Why are both results not identical? Because of rounding:

>>> int(0.75 * len(data.index))
1426

>>> len(data.index) - int(0.25 * len(data.index))
1427

Or manually:

>>> vbt.Splitter.split_range(
...     slice(None), 
...     (vbt.RelRange(), vbt.RelRange(length=0.25)),
...     backwards=True,
...     index=data.index
... )
(slice(0, 1427, None), slice(1427, 1902, None))

Relative ranges with just the length defined can be substituted by numbers for more convenience. For example, make the OOS period 30 data points long:

>>> vbt.Splitter.split_range(
...     slice(None), 
...     (1.0, 30), 
...     backwards=True,
...     index=data.index
... )
(slice(0, 1872, None), slice(1872, 1902, None))

Hint

How does the method decide whether the length is relative or absolute? If the number is between 0 and 1, the length is relative to the surrounding space, otherwise it reflects the number of data points.

When using relative lengths, we can also specify the space the length should be relative to using RelRange.length_space.

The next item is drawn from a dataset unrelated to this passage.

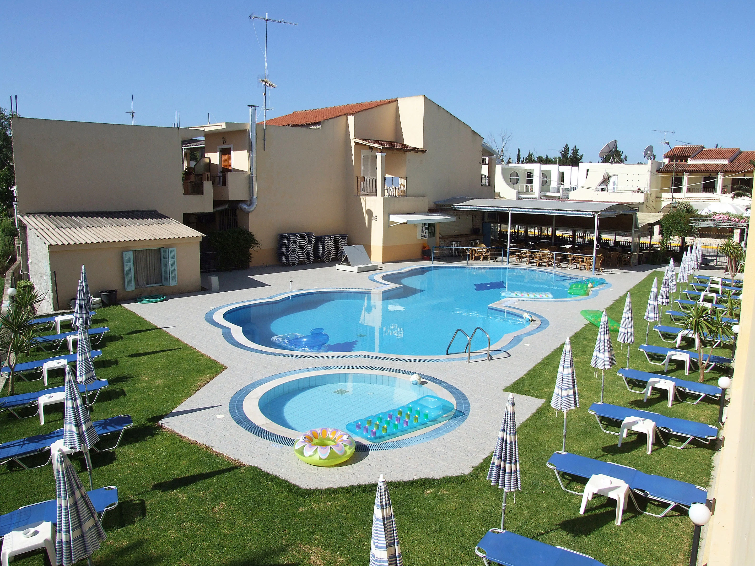 • Řecká léta jsou typická neúnavným sluncem po dobu až 12 hodin denně, minimálními srážkami a oproti okolním ostrovům mírnějšími teplotami (těsně nad 30 oC, zřídka vystoupí ke 38 oC). Nejpříjemnější je červen. V červenci a srpnu vane každoročně až 45 dní vítr meltemi, suchý severní vítr, který ale na Korfu nabírá na síle. Může dosahovat až síly bouře a například plavba na lodi je při něm nemožná.

By default, a length is relative to the remaining space (i.e., from the right-most bound of the previous range to the right-most bound of the whole period), but we can force it to be relative to the entire space instead. For example, let's define three ranges with 40%, 40%, and 20% respectively:

>>> vbt.Splitter.split_range(
...     slice(None), 
...     (
...         vbt.RelRange(length=0.4, length_space="all"), 
...         vbt.RelRange(length=0.4, length_space="all"),
...         vbt.RelRange()
...     ),
...     index=data.index
... )
(slice(0, 760, None), slice(760, 1520, None), slice(1520, 1902, None))

To introduce a gap between two ranges, we can use an offset. Similarly to lengths, offsets can be relative or absolute too. Also, offsets have an anchor, which defaults to the right-most bound of the previous range (if any, otherwise 0). Let's require both ranges to have a gap of 1 point:

>>> vbt.Splitter.split_range(
...     slice(None),
...     (vbt.RelRange(length=0.75), vbt.RelRange(offset=1)),
...     index=data.index
... )
(slice(0, 1426, None), slice(1427, 1902, None))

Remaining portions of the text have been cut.